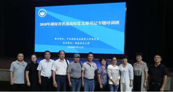 9月12日,全省高校党支部书记专题培训班在湖南农业大学开班,学院11个党支部的书记、副书记入班参加培训。
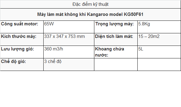 Tính năng tự động ngắt hoạt động khi thiếu nước, sẽ đảm bảo máy làm mát luôn được cấp đầy nước để làm mát và tạo độ ẩm trong không khí, giúp chống khô da, và các bệnh về mùa hè thường gây ra, đây cũng là một ưu điểm của máy làm mát không khí Kangaroo KG50F61 khắc phục được nhược điểm khi sử dụng máy điều hòa nhiệt độ.
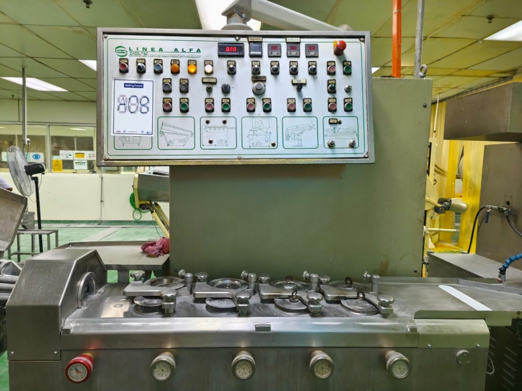 Executive Italy candy forming line. Year of manufacture 2003. Contains batch roller, rope sizer, rotary candy former, die changer, cooling tunnel
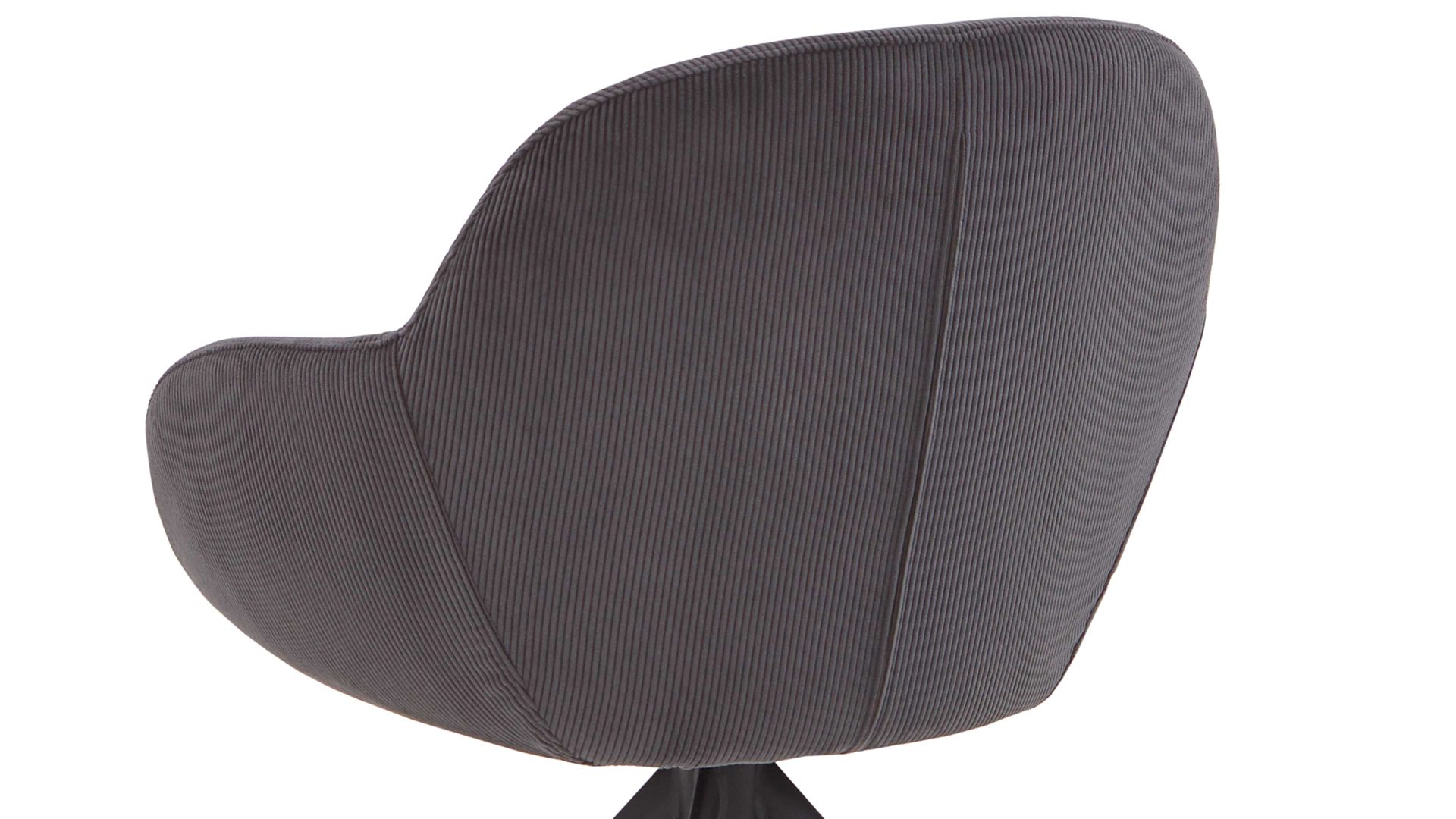 Der hochwertige NIEHOFF Armlehnstuhl Dacapo verkörpert moderne Eleganz und Gemütlichkeit. Mit dem mattschwarz lackierten Stativgestell aus robustem Eisen sowie dem trendigen anthrazitfarbenen Cordbezug überzeugt er sowohl optisch als auch qualitativ. Dank der Ergo-Schale mit Formschaum bietet der Designerstuhl für das Esszimmer extra hohen Sitzkomfort.

Aim of the exercise: Print out the whole listing word for word. Leave the pictures out.

Answer box:
 9月12日,全省高校党支部书记专题培训班在湖南农业大学开班,学院11个党支部的书记、副书记入班参加培训。
 Tính năng tự động ngắt hoạt động khi thiếu nước, sẽ đảm bảo máy làm mát luôn được cấp đầy nước để làm mát và tạo độ ẩm trong không khí, giúp chống khô da, và các bệnh về mùa hè thường gây ra, đây cũng là một ưu điểm của máy làm mát không khí Kangaroo KG50F61 khắc phục được nhược điểm khi sử dụng máy điều hòa nhiệt độ.
 Executive Italy candy forming line. Year of manufacture 2003. Contains batch roller, rope sizer, rotary candy former, die changer, cooling tunnel
 Der hochwertige NIEHOFF Armlehnstuhl Dacapo verkörpert moderne Eleganz und Gemütlichkeit. Mit dem mattschwarz lackierten Stativgestell aus robustem Eisen sowie dem trendigen anthrazitfarbenen Cordbezug überzeugt er sowohl optisch als auch qualitativ. Dank der Ergo-Schale mit Formschaum bietet der Designerstuhl für das Esszimmer extra hohen Sitzkomfort.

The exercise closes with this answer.